When you reach the line containing "GRANDHALL PREMIUM 4V" in the entries below, please begin setting down lines exactly, stop only after the last one, and add nothing else.

[Entries shown]
■ ■ ■ ■ ■ ■ ■

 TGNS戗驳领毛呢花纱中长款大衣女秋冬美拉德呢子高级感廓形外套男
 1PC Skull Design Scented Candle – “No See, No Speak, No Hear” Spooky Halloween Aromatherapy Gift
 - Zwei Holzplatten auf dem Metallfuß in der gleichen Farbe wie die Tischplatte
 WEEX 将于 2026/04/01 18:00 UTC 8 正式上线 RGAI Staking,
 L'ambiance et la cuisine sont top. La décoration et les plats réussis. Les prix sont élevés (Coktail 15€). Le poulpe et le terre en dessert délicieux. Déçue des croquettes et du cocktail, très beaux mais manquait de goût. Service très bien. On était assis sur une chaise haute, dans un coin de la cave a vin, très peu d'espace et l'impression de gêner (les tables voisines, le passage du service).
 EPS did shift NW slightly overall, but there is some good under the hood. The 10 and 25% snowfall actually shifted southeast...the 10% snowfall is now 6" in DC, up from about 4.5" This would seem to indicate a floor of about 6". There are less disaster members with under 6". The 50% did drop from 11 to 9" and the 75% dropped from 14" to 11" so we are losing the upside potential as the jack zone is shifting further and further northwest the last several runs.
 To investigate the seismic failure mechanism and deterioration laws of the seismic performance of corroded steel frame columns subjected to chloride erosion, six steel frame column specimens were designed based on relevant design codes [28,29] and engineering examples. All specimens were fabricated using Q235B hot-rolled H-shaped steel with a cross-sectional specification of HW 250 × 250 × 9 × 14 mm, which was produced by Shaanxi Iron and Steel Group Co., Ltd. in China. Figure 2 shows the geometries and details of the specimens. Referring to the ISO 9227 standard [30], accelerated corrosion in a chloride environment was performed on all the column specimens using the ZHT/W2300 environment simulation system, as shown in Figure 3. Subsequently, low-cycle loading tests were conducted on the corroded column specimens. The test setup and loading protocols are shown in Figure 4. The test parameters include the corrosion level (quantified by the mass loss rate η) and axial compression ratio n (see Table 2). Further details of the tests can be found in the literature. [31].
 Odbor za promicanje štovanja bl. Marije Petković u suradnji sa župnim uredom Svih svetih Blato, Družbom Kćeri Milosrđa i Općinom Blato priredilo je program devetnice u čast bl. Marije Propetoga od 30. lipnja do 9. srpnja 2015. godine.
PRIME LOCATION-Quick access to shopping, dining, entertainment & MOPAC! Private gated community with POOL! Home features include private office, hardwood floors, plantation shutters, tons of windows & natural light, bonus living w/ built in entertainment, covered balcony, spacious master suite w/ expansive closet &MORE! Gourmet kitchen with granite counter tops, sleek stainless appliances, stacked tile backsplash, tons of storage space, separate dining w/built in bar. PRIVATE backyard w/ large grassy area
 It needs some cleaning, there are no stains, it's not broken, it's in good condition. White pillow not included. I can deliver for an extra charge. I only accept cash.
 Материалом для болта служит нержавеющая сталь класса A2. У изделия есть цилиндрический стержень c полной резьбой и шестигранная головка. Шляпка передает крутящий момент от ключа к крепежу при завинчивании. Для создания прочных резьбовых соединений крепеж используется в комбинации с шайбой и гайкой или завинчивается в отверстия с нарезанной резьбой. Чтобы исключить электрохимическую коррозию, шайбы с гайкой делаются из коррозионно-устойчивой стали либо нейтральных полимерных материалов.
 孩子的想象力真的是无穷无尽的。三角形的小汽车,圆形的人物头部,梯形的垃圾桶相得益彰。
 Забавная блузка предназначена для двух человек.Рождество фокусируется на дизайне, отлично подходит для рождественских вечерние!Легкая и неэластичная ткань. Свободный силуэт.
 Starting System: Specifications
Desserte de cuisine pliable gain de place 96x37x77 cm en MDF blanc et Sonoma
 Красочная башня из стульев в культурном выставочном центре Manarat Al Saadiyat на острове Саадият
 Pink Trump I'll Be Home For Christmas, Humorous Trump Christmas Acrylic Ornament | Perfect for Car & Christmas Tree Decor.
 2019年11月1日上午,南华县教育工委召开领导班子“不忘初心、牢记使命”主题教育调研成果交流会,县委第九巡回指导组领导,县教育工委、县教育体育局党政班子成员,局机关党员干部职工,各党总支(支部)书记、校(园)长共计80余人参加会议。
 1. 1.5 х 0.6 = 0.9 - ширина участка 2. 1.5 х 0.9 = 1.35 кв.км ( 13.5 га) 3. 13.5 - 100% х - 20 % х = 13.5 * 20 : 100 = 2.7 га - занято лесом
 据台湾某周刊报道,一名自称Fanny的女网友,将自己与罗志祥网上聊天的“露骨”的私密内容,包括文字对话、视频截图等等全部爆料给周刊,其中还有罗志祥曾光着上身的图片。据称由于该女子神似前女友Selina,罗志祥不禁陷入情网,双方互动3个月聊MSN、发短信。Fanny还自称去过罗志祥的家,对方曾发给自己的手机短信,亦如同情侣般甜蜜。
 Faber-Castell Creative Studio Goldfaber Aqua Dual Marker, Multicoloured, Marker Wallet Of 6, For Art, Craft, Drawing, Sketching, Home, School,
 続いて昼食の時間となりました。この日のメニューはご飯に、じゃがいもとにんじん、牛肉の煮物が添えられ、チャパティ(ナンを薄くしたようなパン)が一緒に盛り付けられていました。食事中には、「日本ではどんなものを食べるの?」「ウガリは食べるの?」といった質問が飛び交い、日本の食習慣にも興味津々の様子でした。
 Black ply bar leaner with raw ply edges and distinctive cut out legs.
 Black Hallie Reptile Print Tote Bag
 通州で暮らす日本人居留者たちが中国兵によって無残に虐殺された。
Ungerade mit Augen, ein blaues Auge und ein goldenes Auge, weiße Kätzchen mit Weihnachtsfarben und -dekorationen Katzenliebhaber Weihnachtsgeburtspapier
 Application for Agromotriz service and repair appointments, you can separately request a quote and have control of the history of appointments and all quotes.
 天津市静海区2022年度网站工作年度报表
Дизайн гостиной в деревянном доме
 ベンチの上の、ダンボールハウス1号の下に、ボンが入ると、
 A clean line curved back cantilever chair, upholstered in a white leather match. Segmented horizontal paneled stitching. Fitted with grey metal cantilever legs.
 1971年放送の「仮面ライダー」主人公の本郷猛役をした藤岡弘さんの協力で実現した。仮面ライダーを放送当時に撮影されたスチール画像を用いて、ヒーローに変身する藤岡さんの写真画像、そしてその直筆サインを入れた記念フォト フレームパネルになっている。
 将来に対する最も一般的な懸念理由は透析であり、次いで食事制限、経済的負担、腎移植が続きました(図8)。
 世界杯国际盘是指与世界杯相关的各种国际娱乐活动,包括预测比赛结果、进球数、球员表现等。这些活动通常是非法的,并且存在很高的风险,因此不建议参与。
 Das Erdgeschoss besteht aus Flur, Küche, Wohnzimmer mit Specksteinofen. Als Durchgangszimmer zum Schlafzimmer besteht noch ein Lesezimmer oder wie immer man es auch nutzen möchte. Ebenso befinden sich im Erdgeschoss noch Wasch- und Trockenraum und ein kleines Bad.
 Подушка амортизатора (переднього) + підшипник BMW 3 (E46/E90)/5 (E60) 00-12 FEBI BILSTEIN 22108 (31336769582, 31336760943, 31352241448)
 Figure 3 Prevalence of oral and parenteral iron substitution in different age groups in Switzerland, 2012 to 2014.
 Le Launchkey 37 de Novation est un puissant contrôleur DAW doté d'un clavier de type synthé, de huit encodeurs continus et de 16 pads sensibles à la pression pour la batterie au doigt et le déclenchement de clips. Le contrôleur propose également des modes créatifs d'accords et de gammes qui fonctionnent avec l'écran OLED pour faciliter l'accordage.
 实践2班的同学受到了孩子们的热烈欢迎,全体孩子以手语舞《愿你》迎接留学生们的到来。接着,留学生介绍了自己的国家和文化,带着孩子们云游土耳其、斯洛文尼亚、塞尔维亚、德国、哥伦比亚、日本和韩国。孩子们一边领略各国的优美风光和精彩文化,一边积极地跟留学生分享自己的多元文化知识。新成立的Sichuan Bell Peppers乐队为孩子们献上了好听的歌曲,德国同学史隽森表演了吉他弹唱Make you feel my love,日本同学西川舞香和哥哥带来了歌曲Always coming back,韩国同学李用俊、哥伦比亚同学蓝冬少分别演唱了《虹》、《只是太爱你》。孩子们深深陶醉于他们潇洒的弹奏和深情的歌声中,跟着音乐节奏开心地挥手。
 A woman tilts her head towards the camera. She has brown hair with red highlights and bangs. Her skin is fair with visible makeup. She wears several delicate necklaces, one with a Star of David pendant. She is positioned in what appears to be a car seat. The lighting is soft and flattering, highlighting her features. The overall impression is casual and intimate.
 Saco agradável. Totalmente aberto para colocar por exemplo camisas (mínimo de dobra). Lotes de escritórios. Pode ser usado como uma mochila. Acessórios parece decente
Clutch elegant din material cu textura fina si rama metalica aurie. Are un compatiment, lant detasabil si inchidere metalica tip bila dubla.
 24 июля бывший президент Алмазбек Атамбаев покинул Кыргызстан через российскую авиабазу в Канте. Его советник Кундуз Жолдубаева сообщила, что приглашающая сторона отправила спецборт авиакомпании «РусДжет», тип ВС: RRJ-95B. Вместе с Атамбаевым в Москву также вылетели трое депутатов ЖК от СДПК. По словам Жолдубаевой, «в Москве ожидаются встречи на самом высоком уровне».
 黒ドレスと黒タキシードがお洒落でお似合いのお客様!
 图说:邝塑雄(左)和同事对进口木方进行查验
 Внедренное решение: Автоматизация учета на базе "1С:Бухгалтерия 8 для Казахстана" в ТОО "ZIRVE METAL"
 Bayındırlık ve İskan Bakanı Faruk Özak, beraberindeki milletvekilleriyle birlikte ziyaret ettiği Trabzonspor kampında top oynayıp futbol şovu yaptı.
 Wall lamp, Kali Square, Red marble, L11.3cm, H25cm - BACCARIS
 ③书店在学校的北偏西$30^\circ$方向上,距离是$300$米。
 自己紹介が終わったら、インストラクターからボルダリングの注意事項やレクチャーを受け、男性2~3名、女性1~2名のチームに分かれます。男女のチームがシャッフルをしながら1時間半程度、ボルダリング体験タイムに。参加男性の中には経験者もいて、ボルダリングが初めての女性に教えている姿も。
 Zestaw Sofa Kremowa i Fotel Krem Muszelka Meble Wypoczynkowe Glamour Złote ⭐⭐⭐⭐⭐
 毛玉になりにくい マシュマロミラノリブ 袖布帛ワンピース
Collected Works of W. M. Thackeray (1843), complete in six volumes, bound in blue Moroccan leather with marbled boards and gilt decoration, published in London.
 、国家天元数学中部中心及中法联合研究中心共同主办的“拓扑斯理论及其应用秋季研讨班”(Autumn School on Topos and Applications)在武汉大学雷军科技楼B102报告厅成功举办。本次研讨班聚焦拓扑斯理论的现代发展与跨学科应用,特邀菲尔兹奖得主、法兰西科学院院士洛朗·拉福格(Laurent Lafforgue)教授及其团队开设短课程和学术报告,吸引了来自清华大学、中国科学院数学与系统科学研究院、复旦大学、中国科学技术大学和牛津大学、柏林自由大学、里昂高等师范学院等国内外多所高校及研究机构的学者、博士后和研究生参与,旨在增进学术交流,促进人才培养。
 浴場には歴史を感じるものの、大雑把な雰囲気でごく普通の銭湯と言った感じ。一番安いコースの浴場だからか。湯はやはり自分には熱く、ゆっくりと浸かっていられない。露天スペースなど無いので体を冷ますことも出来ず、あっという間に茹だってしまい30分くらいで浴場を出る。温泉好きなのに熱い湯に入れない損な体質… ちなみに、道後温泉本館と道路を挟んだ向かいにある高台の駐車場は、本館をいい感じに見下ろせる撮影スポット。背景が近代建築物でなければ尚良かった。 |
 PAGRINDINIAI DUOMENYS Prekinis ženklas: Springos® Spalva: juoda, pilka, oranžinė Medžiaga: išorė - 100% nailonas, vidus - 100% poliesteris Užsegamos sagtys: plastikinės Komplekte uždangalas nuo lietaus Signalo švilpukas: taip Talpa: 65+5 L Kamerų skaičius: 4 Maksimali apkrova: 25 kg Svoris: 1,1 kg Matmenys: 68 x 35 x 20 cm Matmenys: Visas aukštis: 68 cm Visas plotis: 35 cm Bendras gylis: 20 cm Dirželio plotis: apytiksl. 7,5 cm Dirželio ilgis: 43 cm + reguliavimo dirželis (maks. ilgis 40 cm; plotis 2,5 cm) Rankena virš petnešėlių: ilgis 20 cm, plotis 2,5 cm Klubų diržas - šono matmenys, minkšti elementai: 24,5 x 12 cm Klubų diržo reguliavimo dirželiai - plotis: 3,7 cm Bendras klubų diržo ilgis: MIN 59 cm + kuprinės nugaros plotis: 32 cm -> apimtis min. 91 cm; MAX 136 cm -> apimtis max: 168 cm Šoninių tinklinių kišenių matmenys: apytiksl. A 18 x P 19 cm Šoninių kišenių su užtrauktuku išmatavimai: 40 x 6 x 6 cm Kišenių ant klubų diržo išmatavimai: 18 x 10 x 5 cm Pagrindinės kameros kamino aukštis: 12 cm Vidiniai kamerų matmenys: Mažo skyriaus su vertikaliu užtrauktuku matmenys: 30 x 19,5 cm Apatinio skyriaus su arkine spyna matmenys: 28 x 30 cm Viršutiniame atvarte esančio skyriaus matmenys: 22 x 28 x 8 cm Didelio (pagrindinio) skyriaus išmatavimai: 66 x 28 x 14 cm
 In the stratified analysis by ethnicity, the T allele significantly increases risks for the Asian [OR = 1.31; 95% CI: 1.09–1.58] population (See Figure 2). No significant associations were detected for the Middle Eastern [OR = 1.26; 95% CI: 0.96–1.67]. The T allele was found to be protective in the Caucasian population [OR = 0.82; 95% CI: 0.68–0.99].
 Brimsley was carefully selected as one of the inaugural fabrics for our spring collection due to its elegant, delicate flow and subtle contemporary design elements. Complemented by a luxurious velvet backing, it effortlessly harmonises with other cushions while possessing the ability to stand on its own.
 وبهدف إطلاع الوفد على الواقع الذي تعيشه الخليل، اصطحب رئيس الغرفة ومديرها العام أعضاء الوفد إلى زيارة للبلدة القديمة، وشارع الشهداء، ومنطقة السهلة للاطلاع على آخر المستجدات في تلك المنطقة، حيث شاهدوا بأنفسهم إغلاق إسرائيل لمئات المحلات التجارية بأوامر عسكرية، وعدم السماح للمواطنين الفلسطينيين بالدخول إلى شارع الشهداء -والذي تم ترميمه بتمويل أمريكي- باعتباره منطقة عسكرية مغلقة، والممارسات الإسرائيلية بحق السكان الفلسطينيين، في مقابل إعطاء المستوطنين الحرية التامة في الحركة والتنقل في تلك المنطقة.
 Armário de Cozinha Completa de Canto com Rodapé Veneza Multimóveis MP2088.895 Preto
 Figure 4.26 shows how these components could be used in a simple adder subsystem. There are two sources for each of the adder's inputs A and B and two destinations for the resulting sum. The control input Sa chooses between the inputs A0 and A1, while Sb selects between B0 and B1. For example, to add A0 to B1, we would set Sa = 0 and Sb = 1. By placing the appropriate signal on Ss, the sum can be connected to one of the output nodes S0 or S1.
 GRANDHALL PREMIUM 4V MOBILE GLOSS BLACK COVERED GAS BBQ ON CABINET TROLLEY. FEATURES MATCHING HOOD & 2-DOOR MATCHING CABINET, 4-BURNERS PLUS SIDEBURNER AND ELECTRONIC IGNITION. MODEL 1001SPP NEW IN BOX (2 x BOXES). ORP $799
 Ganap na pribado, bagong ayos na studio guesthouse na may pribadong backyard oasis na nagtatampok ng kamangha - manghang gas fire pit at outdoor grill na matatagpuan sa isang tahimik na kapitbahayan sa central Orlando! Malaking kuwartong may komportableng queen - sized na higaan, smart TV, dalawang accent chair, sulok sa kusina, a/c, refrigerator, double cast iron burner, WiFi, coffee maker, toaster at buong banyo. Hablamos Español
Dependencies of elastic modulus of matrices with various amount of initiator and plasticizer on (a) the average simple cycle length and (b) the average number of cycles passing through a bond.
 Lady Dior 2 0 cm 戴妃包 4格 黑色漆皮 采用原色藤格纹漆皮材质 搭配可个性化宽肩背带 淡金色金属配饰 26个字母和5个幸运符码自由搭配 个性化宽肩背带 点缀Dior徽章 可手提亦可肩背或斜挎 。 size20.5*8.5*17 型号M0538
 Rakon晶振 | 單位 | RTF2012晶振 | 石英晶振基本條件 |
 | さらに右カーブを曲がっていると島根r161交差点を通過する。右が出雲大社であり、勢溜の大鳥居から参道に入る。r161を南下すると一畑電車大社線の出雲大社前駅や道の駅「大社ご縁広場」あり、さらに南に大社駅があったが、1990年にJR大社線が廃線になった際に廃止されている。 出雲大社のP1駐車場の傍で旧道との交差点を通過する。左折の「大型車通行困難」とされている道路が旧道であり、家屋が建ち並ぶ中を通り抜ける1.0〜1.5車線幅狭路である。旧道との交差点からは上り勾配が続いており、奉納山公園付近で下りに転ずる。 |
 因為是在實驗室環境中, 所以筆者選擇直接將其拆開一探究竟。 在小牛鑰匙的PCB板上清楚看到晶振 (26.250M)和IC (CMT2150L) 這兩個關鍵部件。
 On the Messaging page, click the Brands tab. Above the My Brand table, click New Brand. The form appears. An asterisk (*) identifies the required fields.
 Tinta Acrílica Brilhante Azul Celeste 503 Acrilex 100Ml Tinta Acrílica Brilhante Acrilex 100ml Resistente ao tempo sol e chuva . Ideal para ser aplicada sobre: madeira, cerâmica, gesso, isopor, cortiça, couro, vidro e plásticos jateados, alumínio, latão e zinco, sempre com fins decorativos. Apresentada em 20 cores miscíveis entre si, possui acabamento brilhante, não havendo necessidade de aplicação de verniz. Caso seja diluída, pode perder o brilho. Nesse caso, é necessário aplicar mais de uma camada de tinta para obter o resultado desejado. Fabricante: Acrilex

■ ■ ■ ■ ■ ■ ■

[Answer box]
 GRANDHALL PREMIUM 4V MOBILE GLOSS BLACK COVERED GAS BBQ ON CABINET TROLLEY. FEATURES MATCHING HOOD & 2-DOOR MATCHING CABINET, 4-BURNERS PLUS SIDEBURNER AND ELECTRONIC IGNITION. MODEL 1001SPP NEW IN BOX (2 x BOXES). ORP $799
 Ganap na pribado, bagong ayos na studio guesthouse na may pribadong backyard oasis na nagtatampok ng kamangha - manghang gas fire pit at outdoor grill na matatagpuan sa isang tahimik na kapitbahayan sa central Orlando! Malaking kuwartong may komportableng queen - sized na higaan, smart TV, dalawang accent chair, sulok sa kusina, a/c, refrigerator, double cast iron burner, WiFi, coffee maker, toaster at buong banyo. Hablamos Español
Dependencies of elastic modulus of matrices with various amount of initiator and plasticizer on (a) the average simple cycle length and (b) the average number of cycles passing through a bond.
 Lady Dior 2 0 cm 戴妃包 4格 黑色漆皮 采用原色藤格纹漆皮材质 搭配可个性化宽肩背带 淡金色金属配饰 26个字母和5个幸运符码自由搭配 个性化宽肩背带 点缀Dior徽章 可手提亦可肩背或斜挎 。 size20.5*8.5*17 型号M0538
 Rakon晶振 | 單位 | RTF2012晶振 | 石英晶振基本條件 |
 | さらに右カーブを曲がっていると島根r161交差点を通過する。右が出雲大社であり、勢溜の大鳥居から参道に入る。r161を南下すると一畑電車大社線の出雲大社前駅や道の駅「大社ご縁広場」あり、さらに南に大社駅があったが、1990年にJR大社線が廃線になった際に廃止されている。 出雲大社のP1駐車場の傍で旧道との交差点を通過する。左折の「大型車通行困難」とされている道路が旧道であり、家屋が建ち並ぶ中を通り抜ける1.0〜1.5車線幅狭路である。旧道との交差点からは上り勾配が続いており、奉納山公園付近で下りに転ずる。 |
 因為是在實驗室環境中, 所以筆者選擇直接將其拆開一探究竟。 在小牛鑰匙的PCB板上清楚看到晶振 (26.250M)和IC (CMT2150L) 這兩個關鍵部件。
 On the Messaging page, click the Brands tab. Above the My Brand table, click New Brand. The form appears. An asterisk (*) identifies the required fields.
 Tinta Acrílica Brilhante Azul Celeste 503 Acrilex 100Ml Tinta Acrílica Brilhante Acrilex 100ml Resistente ao tempo sol e chuva . Ideal para ser aplicada sobre: madeira, cerâmica, gesso, isopor, cortiça, couro, vidro e plásticos jateados, alumínio, latão e zinco, sempre com fins decorativos. Apresentada em 20 cores miscíveis entre si, possui acabamento brilhante, não havendo necessidade de aplicação de verniz. Caso seja diluída, pode perder o brilho. Nesse caso, é necessário aplicar mais de uma camada de tinta para obter o resultado desejado. Fabricante: Acrilex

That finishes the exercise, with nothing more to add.